List every line in this data where the string "interior" occurs.

§ Stored data
# # # #

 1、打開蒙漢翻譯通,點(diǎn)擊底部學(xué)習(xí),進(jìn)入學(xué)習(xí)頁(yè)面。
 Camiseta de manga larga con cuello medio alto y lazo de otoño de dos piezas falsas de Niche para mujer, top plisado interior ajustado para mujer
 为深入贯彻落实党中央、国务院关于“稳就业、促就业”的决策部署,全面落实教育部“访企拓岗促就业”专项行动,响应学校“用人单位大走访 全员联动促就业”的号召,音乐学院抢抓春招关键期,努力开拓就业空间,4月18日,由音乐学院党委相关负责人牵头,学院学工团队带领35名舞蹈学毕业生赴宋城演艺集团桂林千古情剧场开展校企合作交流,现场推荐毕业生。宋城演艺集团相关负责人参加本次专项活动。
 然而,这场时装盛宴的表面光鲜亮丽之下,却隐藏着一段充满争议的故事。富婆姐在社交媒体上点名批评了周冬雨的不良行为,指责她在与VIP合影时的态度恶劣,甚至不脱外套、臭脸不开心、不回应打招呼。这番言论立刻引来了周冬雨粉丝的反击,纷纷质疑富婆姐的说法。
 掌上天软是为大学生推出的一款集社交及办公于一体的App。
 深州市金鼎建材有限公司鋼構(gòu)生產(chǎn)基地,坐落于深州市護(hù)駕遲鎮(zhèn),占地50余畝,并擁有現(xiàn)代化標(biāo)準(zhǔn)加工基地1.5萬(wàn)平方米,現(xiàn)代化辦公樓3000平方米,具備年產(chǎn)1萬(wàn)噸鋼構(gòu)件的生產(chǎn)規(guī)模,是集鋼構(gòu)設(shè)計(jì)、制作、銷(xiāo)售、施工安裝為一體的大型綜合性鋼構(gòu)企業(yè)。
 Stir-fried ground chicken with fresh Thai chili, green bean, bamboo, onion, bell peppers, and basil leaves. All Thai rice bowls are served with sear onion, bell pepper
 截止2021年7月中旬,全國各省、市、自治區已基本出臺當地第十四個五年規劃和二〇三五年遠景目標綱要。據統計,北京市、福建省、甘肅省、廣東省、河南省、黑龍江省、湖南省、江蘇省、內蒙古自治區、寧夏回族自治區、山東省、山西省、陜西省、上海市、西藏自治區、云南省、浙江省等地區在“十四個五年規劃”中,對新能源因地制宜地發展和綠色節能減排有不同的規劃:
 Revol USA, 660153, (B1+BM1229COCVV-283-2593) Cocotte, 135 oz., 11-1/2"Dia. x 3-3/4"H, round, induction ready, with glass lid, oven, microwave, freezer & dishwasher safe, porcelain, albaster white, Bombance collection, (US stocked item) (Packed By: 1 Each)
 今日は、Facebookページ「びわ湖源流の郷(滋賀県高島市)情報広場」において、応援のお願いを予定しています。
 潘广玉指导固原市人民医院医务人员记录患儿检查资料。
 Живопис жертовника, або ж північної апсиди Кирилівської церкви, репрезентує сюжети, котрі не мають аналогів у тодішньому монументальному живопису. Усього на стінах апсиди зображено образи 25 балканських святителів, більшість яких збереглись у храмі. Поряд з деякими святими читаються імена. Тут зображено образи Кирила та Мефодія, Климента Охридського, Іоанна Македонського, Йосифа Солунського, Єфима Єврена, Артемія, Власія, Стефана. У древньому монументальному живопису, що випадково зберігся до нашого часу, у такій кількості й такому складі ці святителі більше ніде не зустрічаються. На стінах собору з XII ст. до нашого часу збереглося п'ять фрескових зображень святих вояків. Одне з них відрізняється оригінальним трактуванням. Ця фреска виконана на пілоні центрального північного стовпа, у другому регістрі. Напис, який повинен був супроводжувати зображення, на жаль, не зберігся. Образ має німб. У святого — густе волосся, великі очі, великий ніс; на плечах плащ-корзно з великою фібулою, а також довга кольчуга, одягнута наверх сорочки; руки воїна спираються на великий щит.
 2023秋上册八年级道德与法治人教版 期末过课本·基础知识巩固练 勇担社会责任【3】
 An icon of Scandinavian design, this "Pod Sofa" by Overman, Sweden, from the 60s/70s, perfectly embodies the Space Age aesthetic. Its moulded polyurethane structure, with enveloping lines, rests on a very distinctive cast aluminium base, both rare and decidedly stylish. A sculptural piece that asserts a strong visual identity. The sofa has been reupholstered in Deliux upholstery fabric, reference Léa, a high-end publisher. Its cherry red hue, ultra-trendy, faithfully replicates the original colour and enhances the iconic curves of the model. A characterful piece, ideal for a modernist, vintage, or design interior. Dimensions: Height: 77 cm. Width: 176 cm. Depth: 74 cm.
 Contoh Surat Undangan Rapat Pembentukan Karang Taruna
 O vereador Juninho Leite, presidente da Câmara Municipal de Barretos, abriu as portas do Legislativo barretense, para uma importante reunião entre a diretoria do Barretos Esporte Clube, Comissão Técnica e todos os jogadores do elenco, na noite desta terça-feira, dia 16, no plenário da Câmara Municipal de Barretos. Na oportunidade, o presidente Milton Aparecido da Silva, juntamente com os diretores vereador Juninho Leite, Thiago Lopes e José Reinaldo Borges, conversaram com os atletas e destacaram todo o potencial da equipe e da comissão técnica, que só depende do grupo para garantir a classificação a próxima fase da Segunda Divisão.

# # # #

§ RESULT FOR THIS EXERCISE
 Camiseta de manga larga con cuello medio alto y lazo de otoño de dos piezas falsas de Niche para mujer, top plisado interior ajustado para mujer
 An icon of Scandinavian design, this "Pod Sofa" by Overman, Sweden, from the 60s/70s, perfectly embodies the Space Age aesthetic. Its moulded polyurethane structure, with enveloping lines, rests on a very distinctive cast aluminium base, both rare and decidedly stylish. A sculptural piece that asserts a strong visual identity. The sofa has been reupholstered in Deliux upholstery fabric, reference Léa, a high-end publisher. Its cherry red hue, ultra-trendy, faithfully replicates the original colour and enhances the iconic curves of the model. A characterful piece, ideal for a modernist, vintage, or design interior. Dimensions: Height: 77 cm. Width: 176 cm. Depth: 74 cm.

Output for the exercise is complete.